When the specific proportion of lining material in the cavity is certain, there are two lining schemes to optimize the STL of the shell: one is to reduce the thickness of lining material to improve the area of lining and the second is to adjust the lining location of sound absorption and lay thicker sound absorption materials at this location. To select a more reasonable lining method, the lining rate of 20 mm, 30 mm, and 40 mm MF is set to be 100%, 66.70%, and 50%, respectively, which ensures the specific ratio of the three lining materials is the same and do not exceed the stipulated limit.

The research in Section 4.1 indicates the optimal solution of MF lining of the cylindrical shell is 3-4-5 type, i.e., lining MF from bottom to top, as shown in Figure 11. Same as the method in Section 4.1, establish finite element models of different schemes and simulate acoustic cavity response of the cylindrical shell within the frequency range of 100–400 Hz. The result is shown in Figure 12.

Figure 11 

Different lining schemes under the same specific gravity ratio.

Figure 12 

The sound pressure spectrum in the cavity of different lining schemes under the same specific gravity ratio.

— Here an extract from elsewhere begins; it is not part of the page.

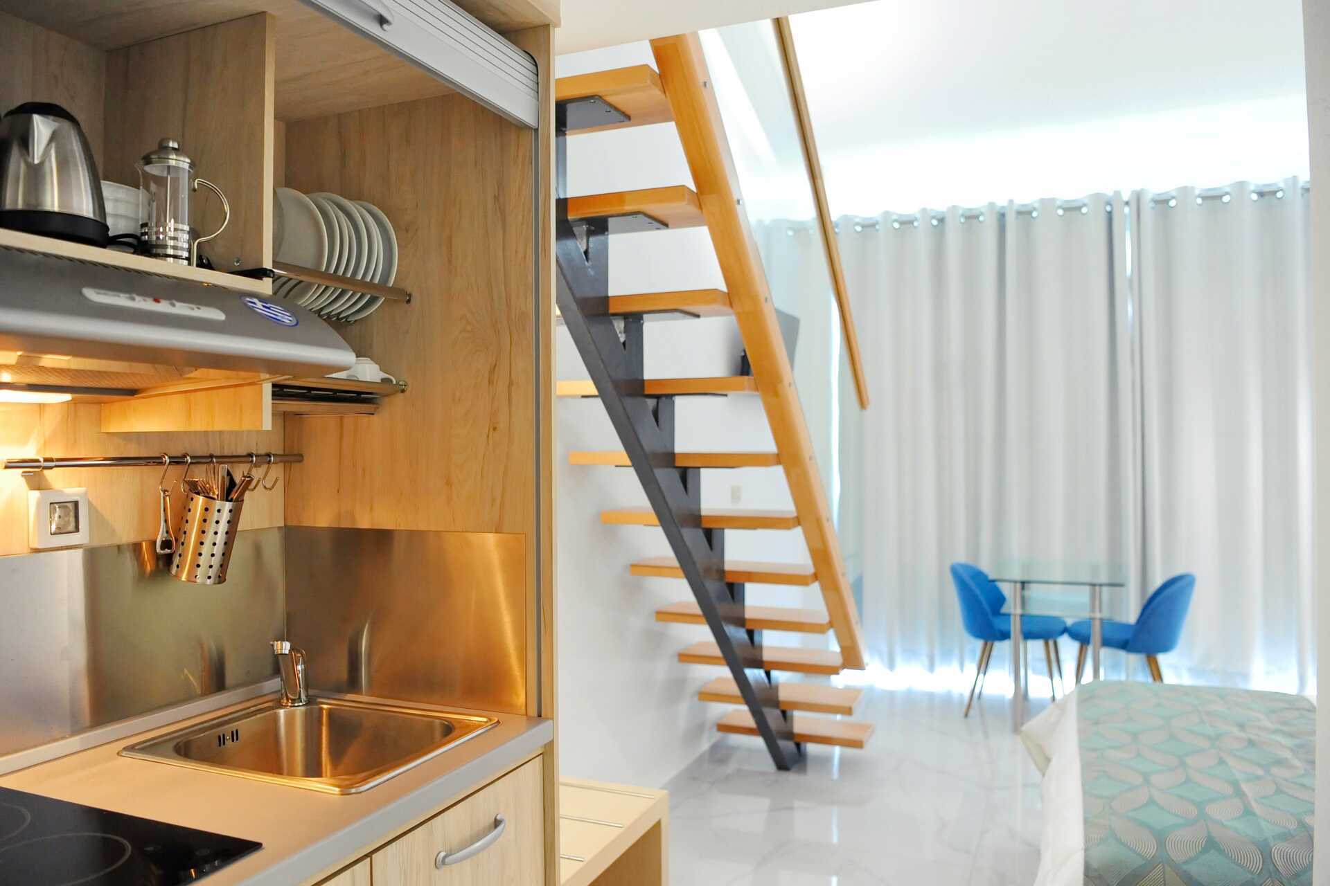 Kaksikerroksinen yksiö, jossa parveke ja näköala uima-altaalle. Huoneisto sijaitsee hotellin uudessa osassa. Sisääntulokerroksessa on parivuode, minikeittiö ja erillinen wc. Yläkerrassa on makuuparvi, jossa kaksi erillistä sänkyä ja kylpyhuone. Minikeittiössä keittolevyt, jääkaappi, vedenkeitin ja yksinkertainen keittiövarustus. Maksuton wifi, ilmastointi ja tallelokero. Tv paikallisilla kanavilla. Kylpyhuoneessa amme/ suihku ja wc. Siivous 6 krt/viikko.

It can be seen from the figure that within the frequency range of 280–320 Hz, the wavelength of sound waves is similar to the length of the sound cavity, and lining 40 mm (50% laying) MF has the best noise reduction effect. However, in the frequency range of 100–280 Hz and 320–400 Hz, the trends of the SPL curve of different lining schemes are the same; only the response peaks corresponding to the normal frequency are different. From the perspective of overall SPL, the total SPL of three lining schemes (20 mm, 100% laying; 30 mm, 66.7% laying; and 40 mm, 50% laying) is 87.52 dB, 86.99 dB, and 86.75 dB. Compared to the results in Figure 6(a), STL of the three lining scheme is 6.33 dB, 6.86 dB, and 7.10 dB. The result shows that, under the same specific gravity ratio, the thicker the layer is, the better the noise reduction effect at midlow frequency is. It also can be seen that the increment of STL decreases with the increase of the thickness of the layer. Therefore, within the limited specific gravity ratio of lining material in the cavity, the thicker material is suggested to be laid in the position with the highest noise reduction efficiency to achieve the optimal noise reduction effect of midlow frequency.

5. Conclusion

This study takes the aluminum cylindrical shell lining MF as the research object, establishes the finite element simulation model of aluminum and aluminum cylindrical shell lining MF, and verifies the correctness of the finite element model within the frequency range of 100–400 Hz. Aiming at the noise reduction problem of the cylindrical shell, the influence of lining position of different thickness MF is first studied. Based on the results, the optimal laying scheme under the same specific gravity ratio is then investigated, and the following conclusions are obtained:(1)When the laying rate of MF lining is 60% and the thickness of MF is greater than 6% of the cavity radius, the performance of STL is obviously improved with thicker MF despite different laying position. Among them, the STL of the 3-4-5 lining scheme can be further increased by 0.49–0.99 dB compared with other lining schemes.(2)At the same specific gravity ratio, the noise reduction amount in the midlow frequency in the cavity increases with the increase of material thickness, but the increment decreases. Moreover, the difference of the noise reduction effect is mainly reflected in the frequency band where sound wavelength and sound cavity length are close to each other.(3)At midlow frequency, when the internal lining materials are limited by a gravity ratio, it is suggested to lay thicker materials in the position with high noise reduction efficiency to achieve a better noise reduction effect, rather than choosing thinner materials for more area of lining

Data Availability

The data generated or analyzed during this study are included within the article.

Conflicts of Interest

The authors declare that there are no conflicts of interest.

Acknowledgments

The project was supported by the open foundation of Hubei Key Laboratory of Theory and Application of Advanced Materials Mechanics, Wuhan University of Technology (TAM202003), and General scientific research projects of Wuhan Polytechnic University (2020Y11).